= Chris Crilly =

Canadian musician and composer

Chris Crilly is a Canadian musician and composer, who has won the Genie Award for Best Original Score at the 22nd Genie Awards in 2002 for Atanarjuat: The Fast Runner.

He was born in Bangor, County Down, Northern Ireland in 1948 and educated in England and Canada, with choral training in the Schola Cantorum tradition under Geoffrey Tristram at St. Peter's School and Christchurch Priory, Dorset UK. He also studied the piano with Audrey King.

Crilly was exposed to West African music while his family was stationed in Ghana during the 1950s and 60's. Moving to Canada in 1967, he was trained in filmmaking at Loyola College Université de Montréal. It was after an extended stay in Ghana in 1970 to 1971 that Crilly began his searched for collaborators in a new approach to Celtic music; one that would step outside the traditional constraints. He felt a need to combine his classical choral training and the percussion possibilities he experienced in West Africa.

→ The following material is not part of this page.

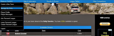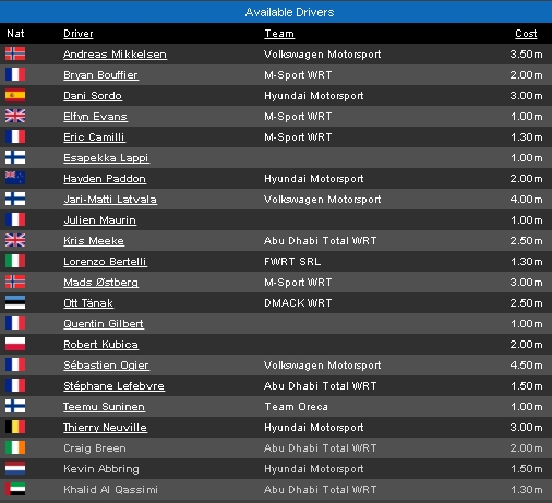 Po pierwsze, trzeba wejść na portal www.fantasywrc.com i założyć swój zespół. Wybieramy kierowców do naszego zespołu WRC (WRC). Każdy kierowca ma określoną “wartość” nie przejdzie zatem numer, że wybierzemy sobie Ogiera, Latvalę, Mikkelsena i Kubicę, bowiem mamy ograniczony “budżet”. Trzeba zatem kombinować 🙂 Nasz budżet to 10, a tak przedstawiają się wartości poszczególnych kierowców przed startem sezonu:

In 1973, in Montreal, Crilly teamed up with fellow Irishman Toby Kinsella, guitarist Richard Chapman, fiddler Elliot Selick, singer and guitarist Pierre Guérin, and percussionist Ed Moore to form Na Baird, the Montreal Celtic band which was to become Barde. Crilly toured with Barde throughout Canada and the eastern U.S. until 1980. During that time the band released two albums: "BARDE" 1977 and "IMAGES" 1978. In January 1980 Crilly left the band, which would release one further album, "VOYAGES" 1982, before disbanding.

Chris Crilly's rhapsody for violin and piano, The Eagle and the Loon (1997), was commissioned by Mohawk violinist Tara-Louise Montour. In 2001 Crilly composed the score for Zacharias Kunuk's Inuit feature film Atanarjuat: The Fast Runner. He has also composed music for television series, animation, and documentary films, including: Strings/Cordes, The Boys of St. Vincent, Frank the Wrabbit, Short Infinity, and Eckhart. In 2016 Crilly collaborated with singer/composer Tanya Tagaq on the score for Kunuk's feature film Maliglutit/Searchers.

From 1990 to 1995 Crilly was a music and sound editor at the National Film Board of Canada. From 1990 to 2018 he taught in the Concordia University departments of Cinema and Communication. Chris Crilly lives in Havelock, Québec, with his wife, artist Catherine Farish.